1. ## linear relations

i have no idea how to get the answers

1. do the points P(1,-3), Q(2,1) and R(2.5,3) lie on the same straight line.

2, An electronic bankteller registered $775 after it had counted 120 notes and$975 after it had counted 160 notes.
a) find the formula for the sum registered ($C) in terms of the numbe rof notes (n) counted 3. Da=10t+20 Db=20t+5, where t is the time in hours after 1.00pm a) find the time in hours at which the two cyclists are at thesame distance from the town hall step attempt. 10t+20=20t+5 -10t=-15 t=15/10 ? but the answer is 2.00pm thanks alot 2. Originally Posted by fresh_ 1. do the points P(1,-3), Q(2,1) and R(2.5,3) lie on the same straight line. The three co-ordinates are $(1, -2)$, $(2,1)$ and $(2.5, 3)$. You can find the equation of the straight line using two of these co-ordinates and testing with the final co-ordinate to see if they all lie on the same line. $m = \frac{y_1-y_2}{x_1 - x_2} = \frac{1-(-3)}{2-1} = \frac41 = 4$ $y-y_1 = m (x - x_1) \implies y-1 = 4(x-2) \implies y = 4x-7$ We have used the co-ordinates $(1, -2)$ and $(2,1)$ to calculate the gradient and the equation of the straight line so we check whether the other co-ordinate, $(2.5, 3)$, fits the line. When $x=2.5 \implies y=3$ $y = 4x-7 \implies y = 4(2.5)-7 = 3$ Therefore the three co-ordinates are $(1, -2)$, $(2,1)$ and $(2.5, 3)$ all lie on the straight line with the equation, $y = 4x-7$. 3. Originally Posted by fresh_ 2, An electronic bankteller registered$775 after it had counted 120 notes and $975 after it had counted 160 notes. a) find the formula for the sum registered ($C) in terms of the numbe rof notes (n) counted
Conduct the method in the same manner. Treat $(x, y)$ as $(n,c)$.

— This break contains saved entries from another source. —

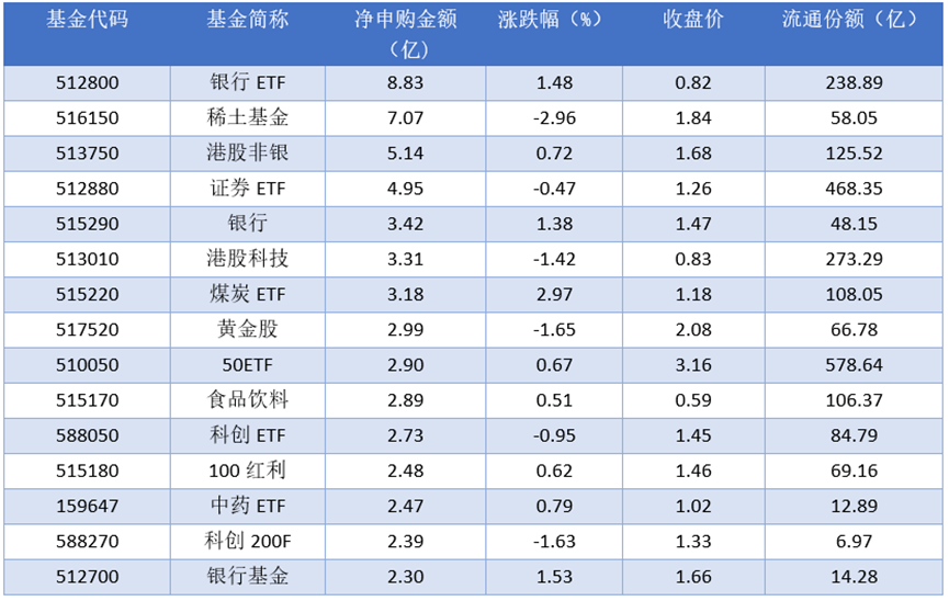 细分到资金流动情况上来看,2025年10月16日净申购金额最大的为银行ETF (512800),当日净申购金额为8.83亿元。排名靠前的稀土基金(516150)、港股非银(513750)、证券ETF (512880),申购金额为7.07亿元、5.14亿元、4.95亿元。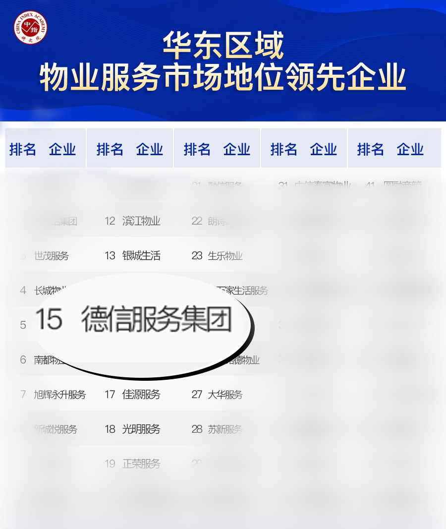 德信服务蝉联华东区域市场地位领先物企!位列第15位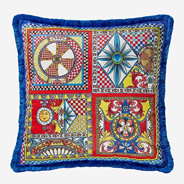 Kırmızı Mavi Kadife Dekoratif Yastık 60X60 Cm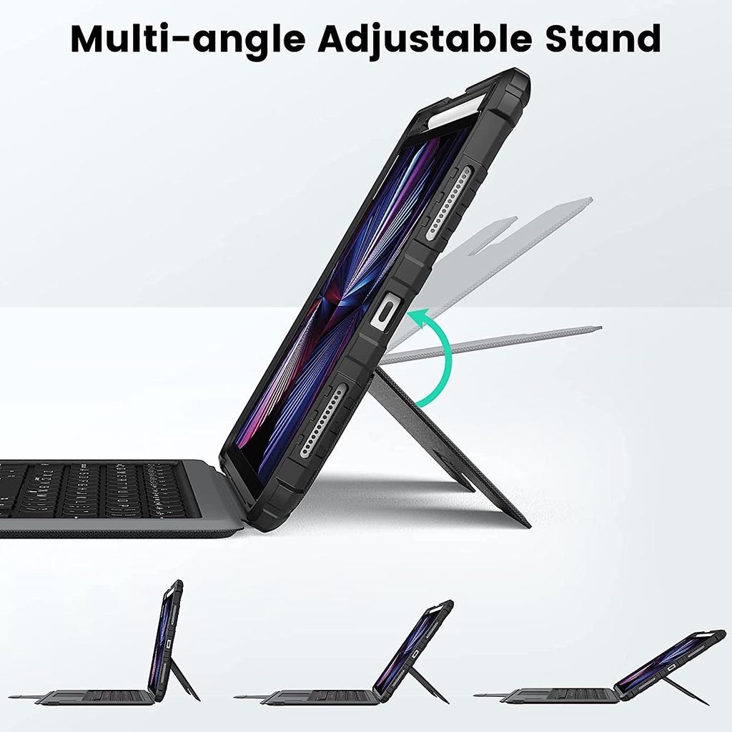 Bumper Combo Keyboard Case là hộp đựng bàn phím đa chức năng dành riêng cho iPad Pro, có giá đỡ có thể điều chỉnh, bàn phím có thể tháo rời và bàn di chuột giúp thuận tiện khi nhập, xem, đọc và phác thảo. Đồng thời cho phép bạn tận hưởng trải nghiệm hoạt động linh hoạt. Vỏ chống rơi cấp quân sự được sử dụng bao bọc chặt chẽ xung quanh các cạnh của iPad, cung cấp khả năng bảo vệ toàn bộ xung quanh. Thiết kế nắp trượt máy ảnh đã được cấp bằng sáng chế giúp bảo vệ máy ảnh của iPad khỏi mài mòn và trầy xước một cách hiệu quả. Chất liệu vải PU ngắn gọn và tinh tế hòa quyện với tính thẩm mỹ của iPad, một sự tích hợp hoàn hảo của nghệ thuật và công nghệ.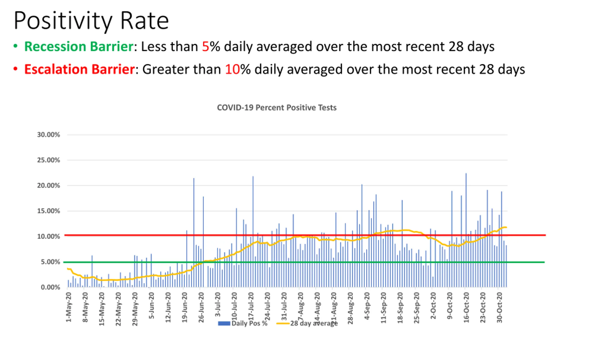 Positivity Rate Recession Barrier: Less than 5% daily averaged over the most recent 28 days Escalation Barrier: Greater than 10% daily averaged over the most recent 28 days COVID-19 Percent Positive Tests 30.00% 25.00% 20.00% 15.00% 10.00% 5.00% 0.00% 25-Sep-20 11-Sep-20 18-Sep-20 12-Jun-20 19-Jun-20 26-Jun-20 10-Jul-20 Daily Pos % 17-Jul-20 24-Jul-20 31-Jul-20 2-Oct-20 9-Oct-20 3-Jul-20 1-May-20 8-May-20 4-Sep-20 5-Jun-20 16-Oct-20 7-Aug-20 14-Aug-20 21-Aug-20 28-Aug-20 15-May-20 22-May-20 29-May-20 23-Oct-20 30-Oct-20 28 day average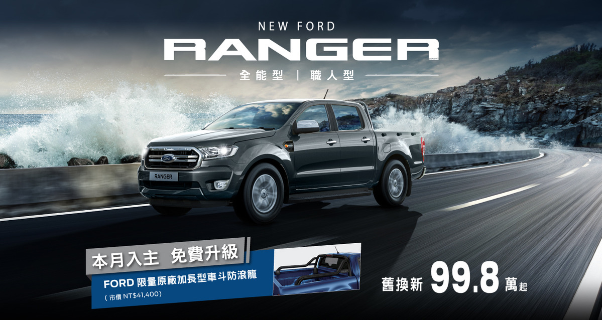 八月入主New Ford Ranger職人型或全能型,舊換新優惠價99.8萬起,本月入主再享免費升級原廠加長型車斗防滾籠(市價NT$41,400),專屬升級機會即刻把握,數量有限,送完為止。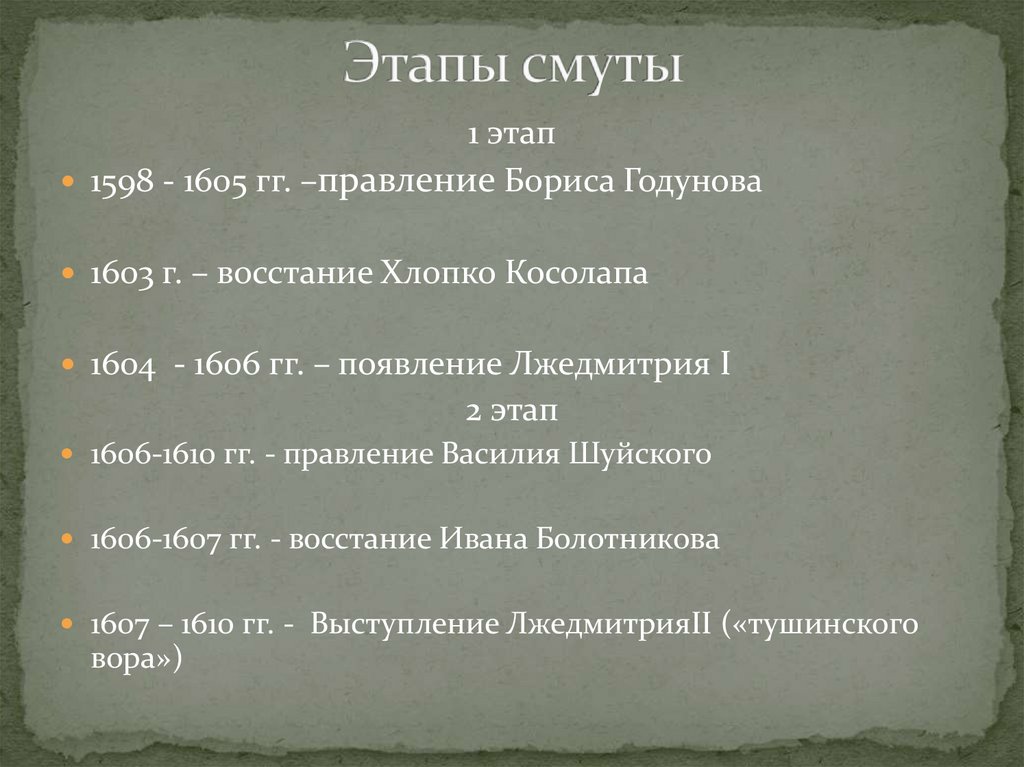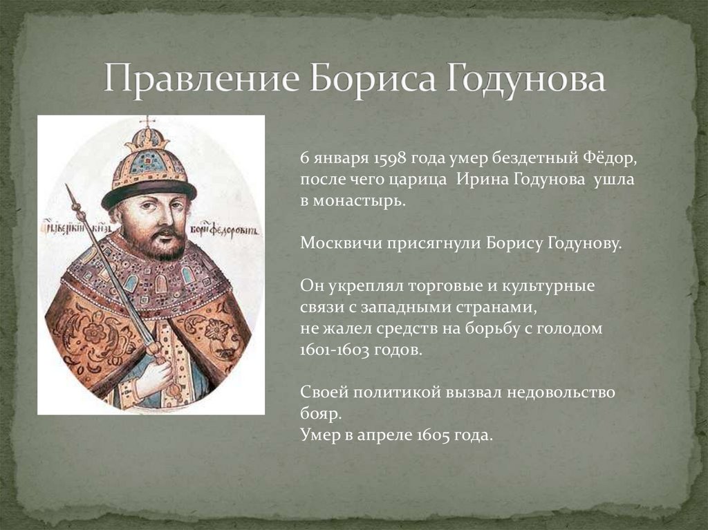 1 этап1598 - 1605 гг. –правление Бориса Годунова

Therefore, the two co-ordinates are: $(120, 775)$ and $(160, 975)$.

$m = \frac{y_1-y_2}{x_1 - x_2} \implies \frac{c_1-c_2}{n_1 - n_2} = \frac{975-775}{160-120} = \frac{200}{40}= 5$

$y-y_1 = m (x - x_1) \implies c-c_1 = m (n - n_1) \therefore c-775 = 5(n-120) \therefore c=5n+175$

4. Originally Posted by fresh_
3.
Da=10t+20
Db=20t+5, where t is the time in hours after 1.00pm
a) find the time in hours at which the two cyclists are at thesame distance from the town hall step
attempt.
10t+20=20t+5
-10t=-15

t=15/10 ? but the answer is 2.00pm
Is this the full question? [ie. Is it exactly worded like the manner you have written it in?].

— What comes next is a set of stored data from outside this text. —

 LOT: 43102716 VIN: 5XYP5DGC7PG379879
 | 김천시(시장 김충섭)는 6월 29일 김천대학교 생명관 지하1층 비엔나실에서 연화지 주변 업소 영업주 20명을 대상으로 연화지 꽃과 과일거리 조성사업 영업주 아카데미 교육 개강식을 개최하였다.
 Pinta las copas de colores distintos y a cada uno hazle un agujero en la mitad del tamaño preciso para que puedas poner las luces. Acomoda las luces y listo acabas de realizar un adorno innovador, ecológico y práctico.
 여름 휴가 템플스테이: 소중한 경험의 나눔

If so, I would also have done it in the same method as you did and obtained $t=1.5$ hours. (I'm assuming $D_a$ and $D_b$ are distance from townhall step at time $t$?)

At $t=1.5$ hours:
$D_a = 10(1.5) + 20 = 35m$
$D_b = 20(1.5) + 5 = 35m$ From town hall step.

This happens at 2.30pm.

5. Originally Posted by Air
Is this the full question? [ie. Is it exactly worded like the manner you hve written it in?].

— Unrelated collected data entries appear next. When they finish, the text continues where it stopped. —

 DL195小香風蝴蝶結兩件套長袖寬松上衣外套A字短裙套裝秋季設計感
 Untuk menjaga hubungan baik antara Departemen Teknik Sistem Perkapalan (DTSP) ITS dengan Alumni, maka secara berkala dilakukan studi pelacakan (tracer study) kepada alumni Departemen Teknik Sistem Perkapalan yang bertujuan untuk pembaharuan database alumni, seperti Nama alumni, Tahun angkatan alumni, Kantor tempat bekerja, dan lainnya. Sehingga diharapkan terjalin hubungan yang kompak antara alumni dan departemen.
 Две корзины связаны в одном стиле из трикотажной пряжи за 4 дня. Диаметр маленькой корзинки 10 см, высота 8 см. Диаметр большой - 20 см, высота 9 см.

If so, I would also have done it in the same method as you did and obtained $t=1.5$ hours. (I'm assuming $D_a$ and $D_b$ are distance from townhall step at time $t$?)

At $t=1.5$ hours:
$D_a = 10(1.5) + 20 = 35m$
$D_b = 20(1.5) + 5 = 35m$ From town hall step.

This happens at 2.30pm.
here is the complete question. i thought it wasn't necessarily to type up all of it
but here it is
the distances, Da km and Dbkm, of cyclists A and B traveling along a straight road from town hall step are given respectively by.
Da=10t+20
Db=20t+5, where t is the time in hours after 1.00pm
a-find the time in hours at which the two cyclists are at the same distance from the town hall step

there , and thanks for the help on the other questions

6. Originally Posted by fresh_

1. do the points P(1,-3), Q(2,1) and R(2.5,3) lie on the same straight line.
Here is another way to do this problem.
Show $m_{PQ} = m_{QR}$ where $m_{PQ}$ is slope of $PQ$ and $m_{QR}$ is slope of $QR$.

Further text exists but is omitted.